## EXERCISE BRIEF
Each line of the data must be given back verbatim, with pictures removed.

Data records

★ ★ ★ ★ ★ ★ ★

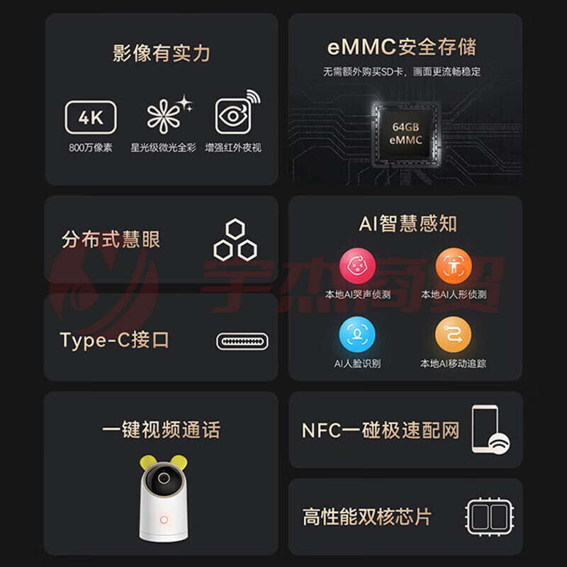 华为智选高清800W像素4K极清画质 64G内置存储 家用智能网络摄像机监控摄像头
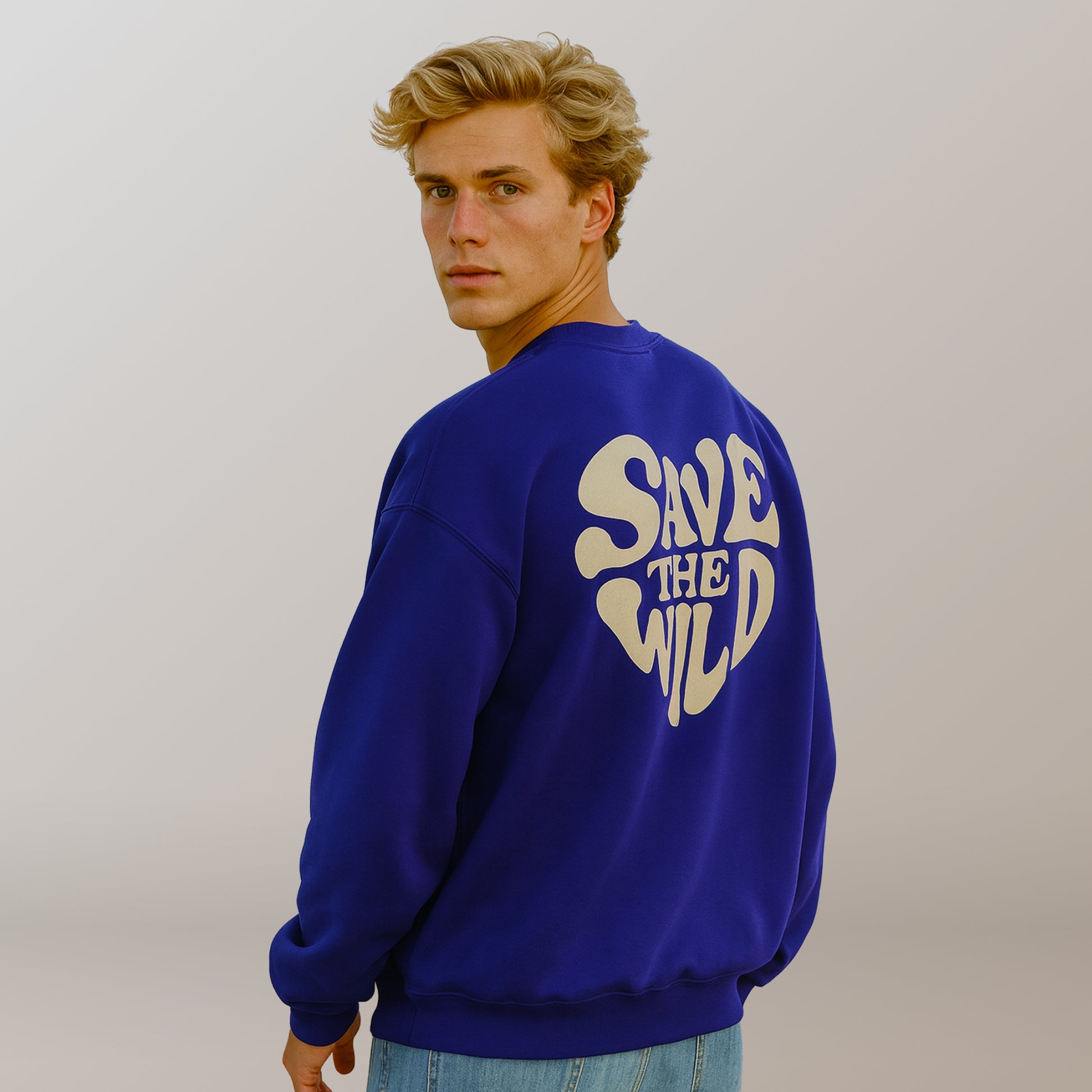 On the back: A bold "savethewild" print in a beige heart shape.
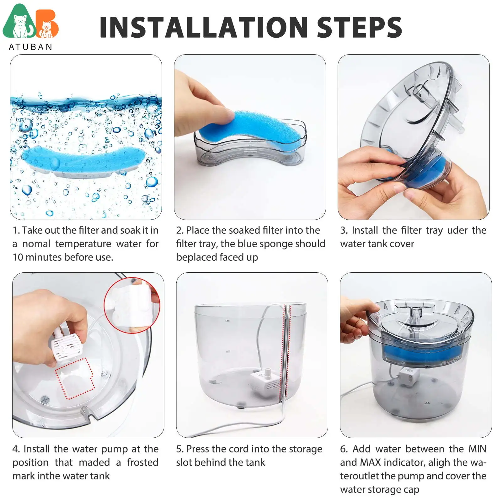 4. De acuerdo con la frecuencia de bebida de su mascota y el número de mascotas que usan la fuente, Reemplace el filtro y la Esponja cada 3 a 4 semanas.
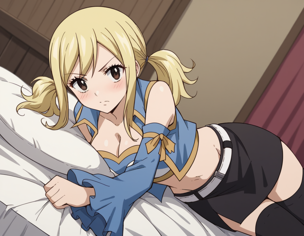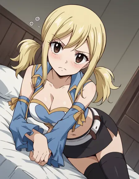 lucy heartfilia, blonde hair, brown eyes, twintails, low twintails, long hair, sidelocks,
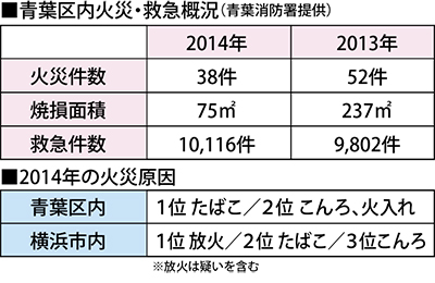 青葉消防署は2014年の火災・救急件数を公表した。区内の火災件数は38件で前年より14件減少。横浜市内の火災原因1位は放火だが、区内はたばこがもっとも多かった。救急車の出動件数は1万116件で前年より314件増加。救急件数は市内18区中15区で増加しており、同署警防課は高齢化もひとつの原因とみている。
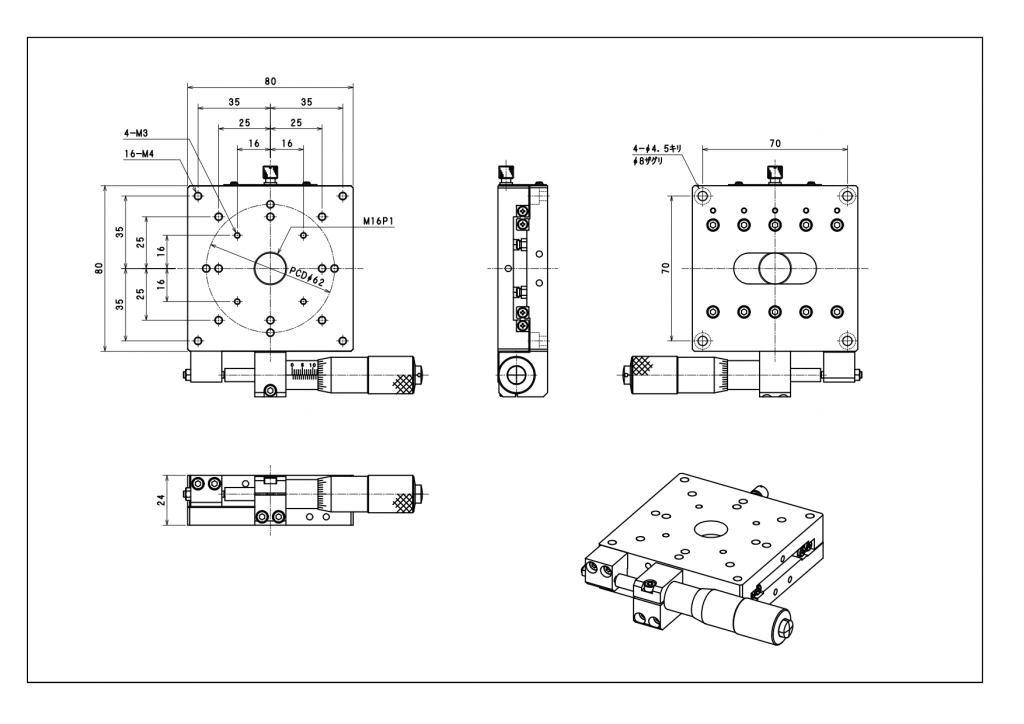 ・取付穴(上面) :1-M16 P1 中央、4-M3 □32位置、4-M4 PCD62位置、8-M4 ピッチ25 □50位置、4-M4 □70位置

★ ★ ★ ★ ★ ★ ★

## PROBLEM SOLUTION
 华为智选高清800W像素4K极清画质 64G内置存储 家用智能网络摄像机监控摄像头
 On the back: A bold "savethewild" print in a beige heart shape.
 4. De acuerdo con la frecuencia de bebida de su mascota y el número de mascotas que usan la fuente, Reemplace el filtro y la Esponja cada 3 a 4 semanas.
 lucy heartfilia, blonde hair, brown eyes, twintails, low twintails, long hair, sidelocks,
 青葉消防署は2014年の火災・救急件数を公表した。区内の火災件数は38件で前年より14件減少。横浜市内の火災原因1位は放火だが、区内はたばこがもっとも多かった。救急車の出動件数は1万116件で前年より314件増加。救急件数は市内18区中15区で増加しており、同署警防課は高齢化もひとつの原因とみている。
 ・取付穴(上面) :1-M16 P1 中央、4-M3 □32位置、4-M4 PCD62位置、8-M4 ピッチ25 □50位置、4-M4 □70位置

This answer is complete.